HSPs had to meet the following inclusion criteria: (1) Japanese ethnicity; (2) 50 years of age or older; (3) no personal or familial diagnostic history of psychiatric disorder and no consultation with a psychiatrist, psychotherapist, neurologist, or neurosurgeon; (4) no personal or familial history of psychotropic drug use, including sleeping pills, anxiolytics, antidepressants, and antipsychotics; (5) no history of oral steroid or immunosuppressant use; (6) no history of syncope; (7) no history of organic cerebral disorders, including brain tumors or strokes; (8) no history of head injuries; (9) no history of meningitis; (10) no history of movement, sensory, or gait disturbances; (11) no history of spinal disease or arthropathy; (12) no history of thyroid disease; (13) no history of hypertension; and (14) no history of chronic liver disease or chronic kidney disease. We excluded participants if they could not remain still during the MEG recording, if they slept during the recording, or if the MEG data could not be acquired because of problems with the machine.

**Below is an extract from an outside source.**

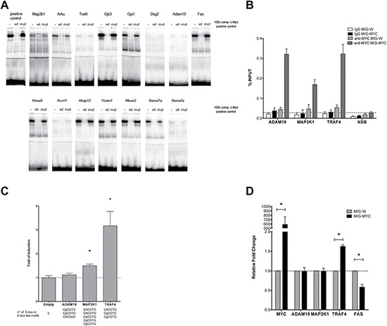 A detailed description of the development of a dual Luciferase gene reporter assay is given in our previous works [6, 7]. Essentially, 2 Kb regulatory regions centered on the Transcription Start Site (TSS) of the Adam19, Traf4, and Map2k1 genes were PCR amplified from mouse genomic DNA (primer sequences used for cloning are listed in Supplementary Table 5) and inserted into pCR4-TOPO shuttle vector through TOPO-TA cloning (Invitrogen). Promoter fragments were further cloned into our destination pCZ-REN_LUC retroviral dual reporter vector using classical restriction sites, such as Bam HI/Hind III for Adam19 and Map2k1 [6] or Sfi I/Pac I (for Traf4, using a modified version of pCZ-REN_LUC reporter with a linker region containing the additional cloning sites). HEK 293T cells were transfected with 350 ng of the reporter vectors along with 250 ng of the expression vector (empty or over-expressing c-Myc) using Lipofectamine 2000 according to the manufacturer’s recommendations (Invitrogen). The c-Myc over-expressing vector MIG-MYC was used to examine the responsiveness of the promoters at low and high c-Myc protein level. Dual luciferase assays were done 24hrs after transfection using commercial reagents (Promega) and a multi-plate reader (Victor 3, Perkin Elmer).
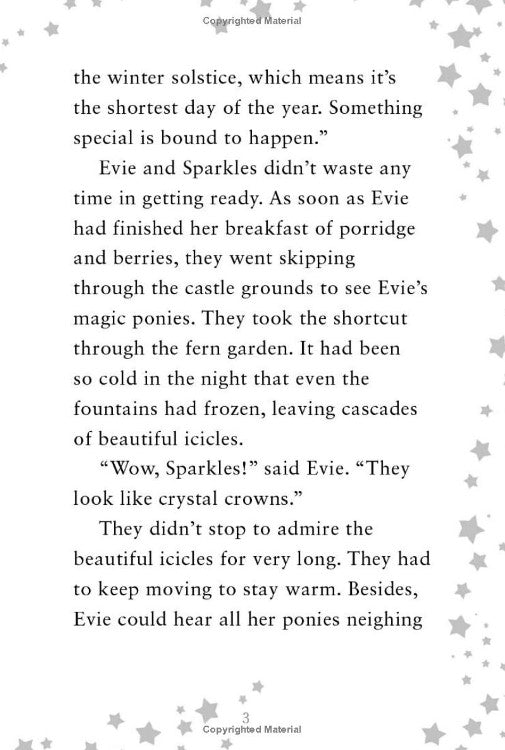 "Join Evie and Silver on a wintry adventure to see the Northern Lights at the Mid-Winter Ball. There's so much to do before the Ball--sledding, making magical snow dresses, and catching up with old friends. Can Evie and her friends make it to the Ball and rescue one of the Queen's fairies on their way?"

The study adhered to the guidelines set by the Declaration of Helsinki and was performed in accordance with protocols approved by the Research Ethics Committee of the Osaka University Clinical Trial Centre (no. 14448, UMIN000022957). Each participant provided written informed consent after being informed of the study’s purpose. For the patients who were unable to make their own decisions about participation in the study, consent from their legal guardian was requested. However, all patients who participated in this study had normal cognitive and decision abilities and were able to give their own consent for participation.
MEG data acquisition
MEG data were acquired using a 160-channel whole-head MEG system (MEG Vision NEO, Yokogawa Electric Corporation, Tokyo, Japan). Each participant placed himself or herself in a supine position in a magnetically shielded room, where 5 head-marker coils were attached to his or her face before MEG recording started. Before and after each MEG recording, the positions of the head-marker coils were measured to determine the position and orientation of the MEG sensors relative to the participant’s head. The maximum acceptable difference in position from recording start to recording end was 5 mm. To align MEG data with individual magnetic resonance imaging data (T1 weighted; Signa HDxt Excite 3.0 T, GE Healthcare UK Ltd., Buckinghamshire, UK), we scanned the three-dimensional facial surface and 50 points on each participant’s scalp (FastSCAN Cobra, Polhemus, Colchester, Vermont, USA). The recording-pass band was 0.1–500 Hz, with a sample rate of 2000 Hz.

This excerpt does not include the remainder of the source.